_Source data:_

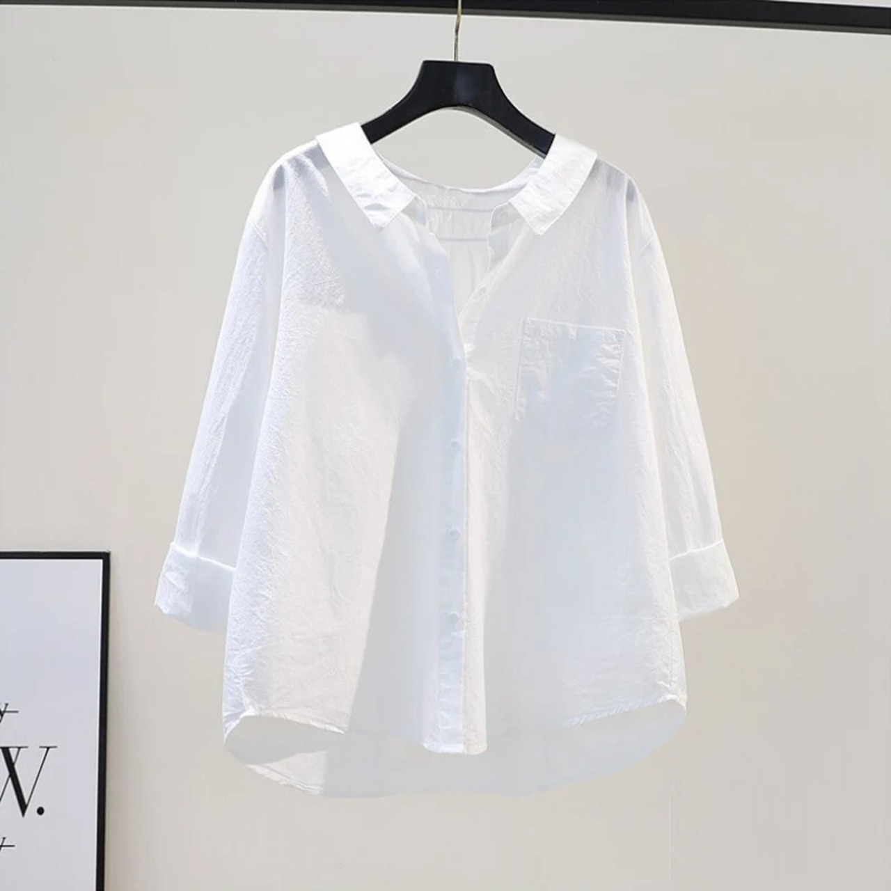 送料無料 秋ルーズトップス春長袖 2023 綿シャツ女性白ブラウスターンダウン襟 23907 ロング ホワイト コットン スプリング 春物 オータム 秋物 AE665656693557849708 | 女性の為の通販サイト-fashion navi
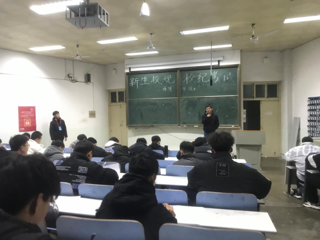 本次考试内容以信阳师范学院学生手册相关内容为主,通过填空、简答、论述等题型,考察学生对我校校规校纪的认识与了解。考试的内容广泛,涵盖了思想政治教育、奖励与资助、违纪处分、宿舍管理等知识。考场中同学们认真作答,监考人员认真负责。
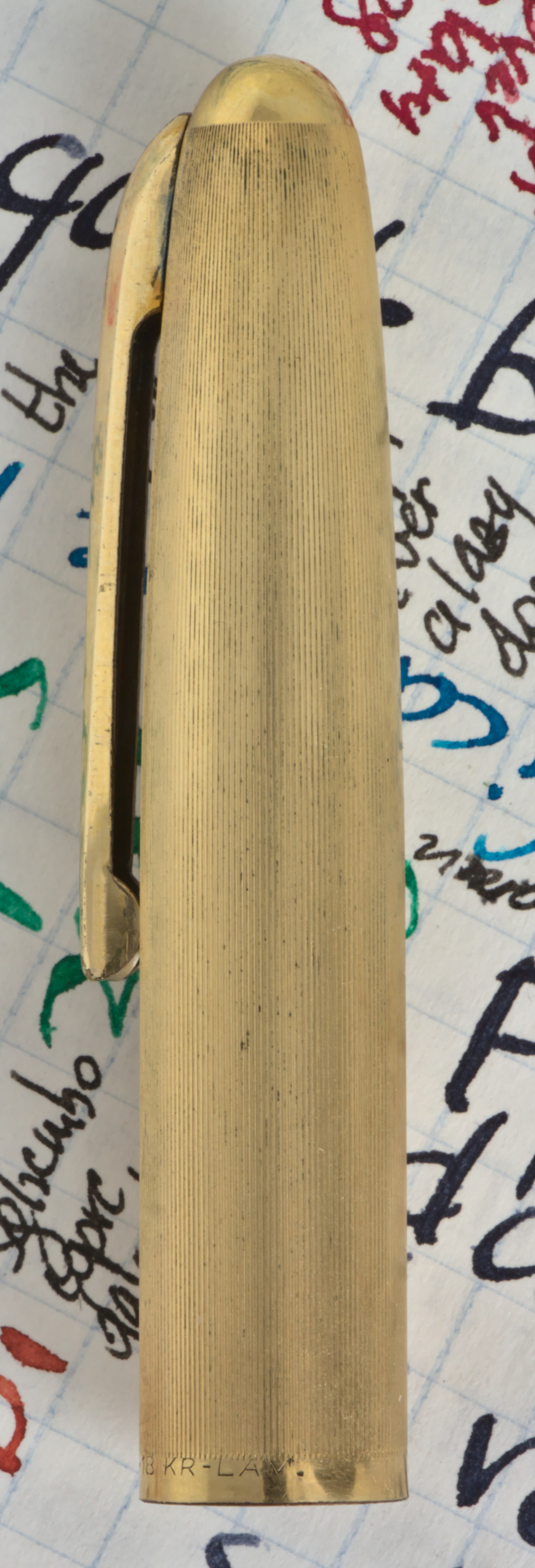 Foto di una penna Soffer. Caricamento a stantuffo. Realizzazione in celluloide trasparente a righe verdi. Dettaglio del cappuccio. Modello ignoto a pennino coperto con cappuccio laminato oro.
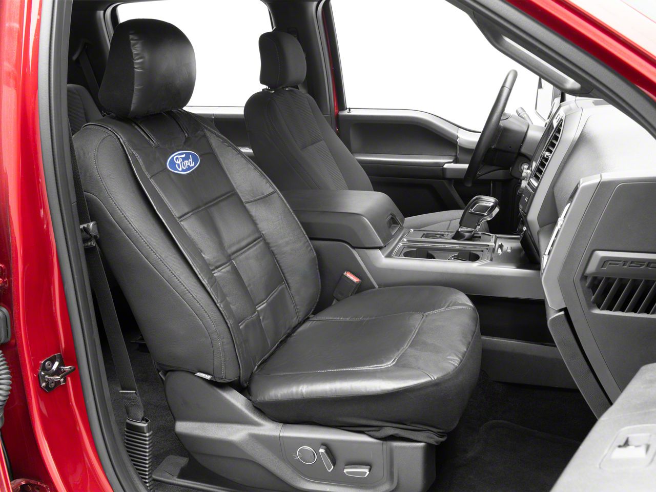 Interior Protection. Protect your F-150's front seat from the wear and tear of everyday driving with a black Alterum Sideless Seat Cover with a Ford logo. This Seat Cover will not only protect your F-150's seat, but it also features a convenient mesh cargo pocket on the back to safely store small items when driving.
---
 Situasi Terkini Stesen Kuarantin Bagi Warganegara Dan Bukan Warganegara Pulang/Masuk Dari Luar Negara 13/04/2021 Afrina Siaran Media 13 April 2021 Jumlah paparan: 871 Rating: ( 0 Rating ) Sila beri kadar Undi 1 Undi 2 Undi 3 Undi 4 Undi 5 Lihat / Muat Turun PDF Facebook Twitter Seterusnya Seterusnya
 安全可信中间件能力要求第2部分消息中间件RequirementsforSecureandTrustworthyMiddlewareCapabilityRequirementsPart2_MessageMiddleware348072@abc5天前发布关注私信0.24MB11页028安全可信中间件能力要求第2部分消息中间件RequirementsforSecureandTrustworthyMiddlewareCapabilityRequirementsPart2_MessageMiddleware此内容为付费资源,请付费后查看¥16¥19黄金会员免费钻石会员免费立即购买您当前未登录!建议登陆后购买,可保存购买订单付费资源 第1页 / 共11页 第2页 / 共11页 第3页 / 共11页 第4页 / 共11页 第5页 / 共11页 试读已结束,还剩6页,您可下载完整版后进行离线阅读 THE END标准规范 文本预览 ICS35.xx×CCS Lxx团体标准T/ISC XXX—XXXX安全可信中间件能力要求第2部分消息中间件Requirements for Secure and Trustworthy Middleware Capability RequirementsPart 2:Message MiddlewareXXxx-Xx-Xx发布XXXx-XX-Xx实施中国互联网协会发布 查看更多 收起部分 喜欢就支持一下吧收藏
==
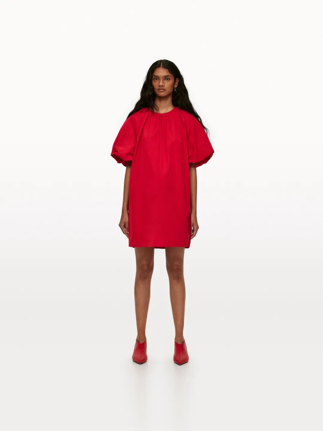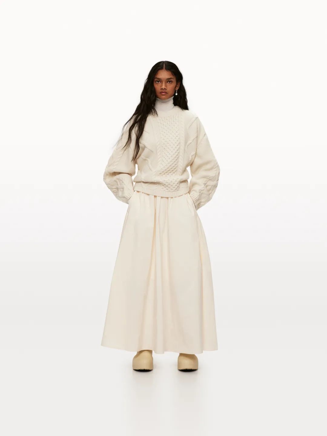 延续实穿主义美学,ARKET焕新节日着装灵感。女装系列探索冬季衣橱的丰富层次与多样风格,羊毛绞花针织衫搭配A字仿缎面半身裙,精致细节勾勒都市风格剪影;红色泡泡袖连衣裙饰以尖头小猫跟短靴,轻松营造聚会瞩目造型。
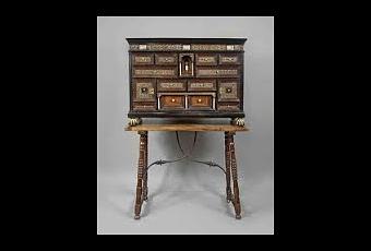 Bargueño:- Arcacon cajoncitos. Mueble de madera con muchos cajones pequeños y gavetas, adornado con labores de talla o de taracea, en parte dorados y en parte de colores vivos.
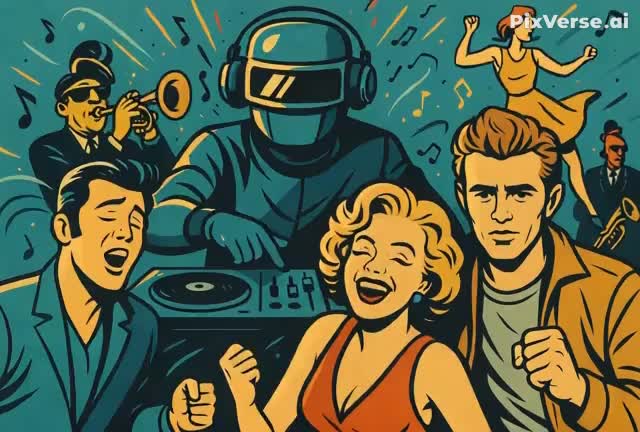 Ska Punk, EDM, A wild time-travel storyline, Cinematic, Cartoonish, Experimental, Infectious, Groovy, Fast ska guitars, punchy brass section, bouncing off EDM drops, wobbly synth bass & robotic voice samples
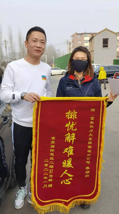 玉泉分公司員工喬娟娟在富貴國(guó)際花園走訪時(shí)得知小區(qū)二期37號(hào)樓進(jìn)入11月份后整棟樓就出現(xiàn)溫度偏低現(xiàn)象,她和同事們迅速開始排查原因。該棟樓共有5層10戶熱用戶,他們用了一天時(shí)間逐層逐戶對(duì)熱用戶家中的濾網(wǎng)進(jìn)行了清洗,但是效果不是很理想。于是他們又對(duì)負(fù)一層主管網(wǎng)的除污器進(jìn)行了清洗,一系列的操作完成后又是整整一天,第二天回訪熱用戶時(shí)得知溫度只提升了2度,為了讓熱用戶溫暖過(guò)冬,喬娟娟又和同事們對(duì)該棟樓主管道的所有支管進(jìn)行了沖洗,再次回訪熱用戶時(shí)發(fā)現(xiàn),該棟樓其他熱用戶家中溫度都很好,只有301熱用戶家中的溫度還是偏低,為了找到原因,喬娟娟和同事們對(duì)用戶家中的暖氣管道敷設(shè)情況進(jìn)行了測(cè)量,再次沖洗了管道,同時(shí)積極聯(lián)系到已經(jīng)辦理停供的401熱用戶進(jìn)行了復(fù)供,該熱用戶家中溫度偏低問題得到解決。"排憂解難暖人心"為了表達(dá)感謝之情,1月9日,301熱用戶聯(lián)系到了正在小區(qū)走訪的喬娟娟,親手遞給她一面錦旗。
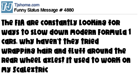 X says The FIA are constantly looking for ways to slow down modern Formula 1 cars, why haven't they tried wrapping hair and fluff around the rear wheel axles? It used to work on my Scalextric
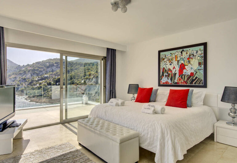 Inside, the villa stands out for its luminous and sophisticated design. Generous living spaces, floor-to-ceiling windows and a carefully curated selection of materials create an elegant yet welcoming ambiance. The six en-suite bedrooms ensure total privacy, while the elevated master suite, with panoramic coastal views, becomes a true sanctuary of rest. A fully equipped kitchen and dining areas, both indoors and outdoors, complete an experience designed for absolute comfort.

_Your assignment:_ Pictures are to be left out. Write out only the lines above starting at the one with "送料無料 秋ルーズトップス春長袖 2023" and ending at the one with "Interior Protection. Protect", both lines included, exactly.

_Result of the exercise:_
 送料無料 秋ルーズトップス春長袖 2023 綿シャツ女性白ブラウスターンダウン襟 23907 ロング ホワイト コットン スプリング 春物 オータム 秋物 AE665656693557849708 | 女性の為の通販サイト-fashion navi
 本次考试内容以信阳师范学院学生手册相关内容为主,通过填空、简答、论述等题型,考察学生对我校校规校纪的认识与了解。考试的内容广泛,涵盖了思想政治教育、奖励与资助、违纪处分、宿舍管理等知识。考场中同学们认真作答,监考人员认真负责。
 Foto di una penna Soffer. Caricamento a stantuffo. Realizzazione in celluloide trasparente a righe verdi. Dettaglio del cappuccio. Modello ignoto a pennino coperto con cappuccio laminato oro.
 Interior Protection. Protect your F-150's front seat from the wear and tear of everyday driving with a black Alterum Sideless Seat Cover with a Ford logo. This Seat Cover will not only protect your F-150's seat, but it also features a convenient mesh cargo pocket on the back to safely store small items when driving.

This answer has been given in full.